Luckily, Ahmed managed to escape when the door of the room he was kept in was left unattended for a little while.

Muhammad*, 26, is another lucky survivor from Baba Vilayat Shah colony in the same neighbourhood: “I was on my way to Yusuf Goth for work when five men on two motorbikes came from behind. Three of them looked Baloch and two seemed as if they were Pashtun. They blindfolded me and one of them sat with me on my bike. They abducted me at around 2 in the afternoon and kept me till 8 pm. They tortured me until they got a call from someone on their mobile. Then they discussed whether I should be kept here or sent to another place to be killed,” says Muhammad. “They beat me with sticks, slapped me repeatedly and told me ‘You are a Mohajir and Mohajirs kill Pathans and Baloch. You torch vehicles and ransack shops. You are a criminal because you are a supporter of Altaf Hussain.’”

According to Muhammad, the sound of a siren from a police mobile distracted his captors and gave him the opportunity to escape. Dreading the worst, his family was surprised at his return. “I guess my time has not come yet,” adds Muhammad.

Gul, a student of Class 9 and an inhabitant of the Pashtun-dominated Muhammadpur area of Orangi Town, was another victim of this politico-ethnic power struggle.

“I was picked up by four men from Qasba Colony near Hina Bakery. Their faces were hidden behind scarves. They tortured me for eight to nine hours, taking turns to beat me. I was bleeding profusely, and I told them to kill me because the pain was too much. Being a Pashtun was my only crime,” recalls Gul.

His desire to stay alive eventually overwhelmed his fear; he snatched a loaded gun from his kidnappers as they were about to execute him. “At first, I was blindfolded and my hands were tied. Later on, they untied my hands, as they were confident that I would not try to escape. They took me to an imambargah along the river and told me to face the wall but I couldn’t because I was in pain. Then they kicked me and loaded the pistol. It was as if I saw my death before my eyes. I thought, these men will kill me – at the very least I should try to escape, may Allah may help me,” says Gul.

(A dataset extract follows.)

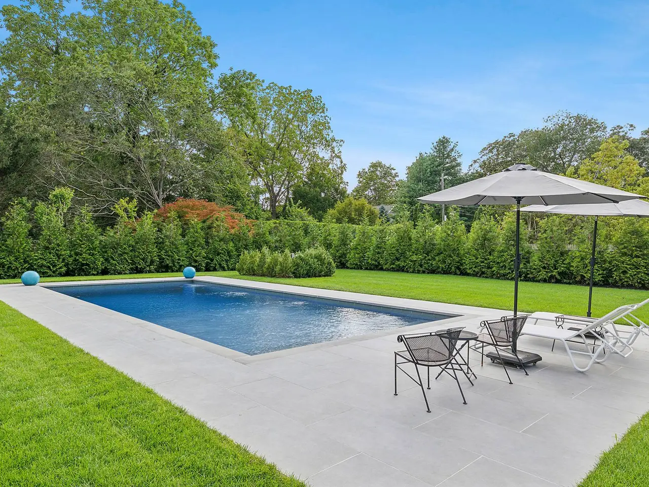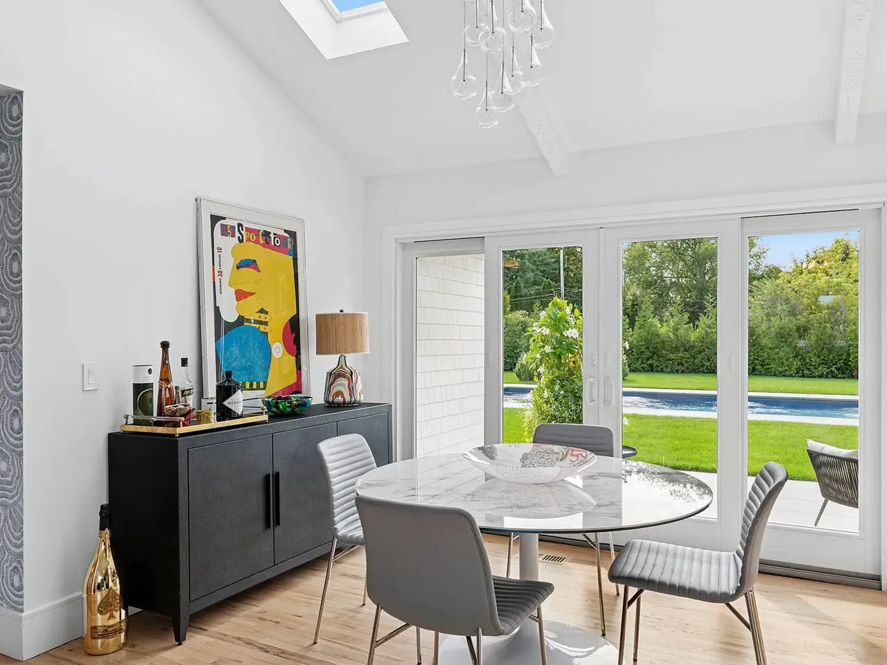 Experience effortless luxury, stylized by Greg McKenzie Design, in this single-level, modern cottage, renovated in 2025 with premium finishes and state-of-the-art amenities. Perfectly designed for relaxation and entertaining, the home boasts a chef's dream kitchen with Wolf and Sub-Zero appliances, flowing into sun-drenched living areas flooded with natural light from skylights and expansive glass sliders. Entertainment-ready living includes a Sonos sound system throughout and seamless access to expansive outdoor spaces. Lounge in the heated 18x40 saltwater gunite pool, dine al fresco, or unwind on the sleek oversized ceramic patios. Privacy hedges and green giant trees ensure a serene retreat. The home offers four spacious bedrooms: a luxurious primary wing, an ensuite guest bedroom, and two additional guest rooms, complemented by three full bathrooms and an outdoor shower. Flat-panel TVs and modern finishes combine technology with serene design for comfort and style. Located just two blocks from the village center, this Hamptons escape blends convenience, style, and ultimate comfort, making it the perfect destination for a luxurious getaway.

His intrepidness in the face of certain death saved him, but hundreds of others were not so lucky.

Ahmed, Muhammad and Gul do not blame any one faction or party, but point to what they can only call ethnic warfare. Behind the brutal violence lies a long-standing and complicated ethnic rivalry among the Pashtun, Urdu-speaking and Baloch communities. This situation has left both political workers, as well as the common man at the mercy of criminal gangs who use the cover of ethnic conflict for their own ends.

These survivors maintain that these destabilising elements are trying to carve Karachi into gangsters’ fiefdoms where only the law of the jungle prevails. They say that loyalty revolving around ethnic affiliation is only limited to the statements and the coloured flags of political parties, while the real issue is that of turf, territory and control. Consuming the lives of countless innocent people, violence and murder are just bargaining chips in Karachi’s power politics.

 

*Names have been changed to protect identities.

Published in The Express Tribune, Sunday Magazine, October 23rd, 2011.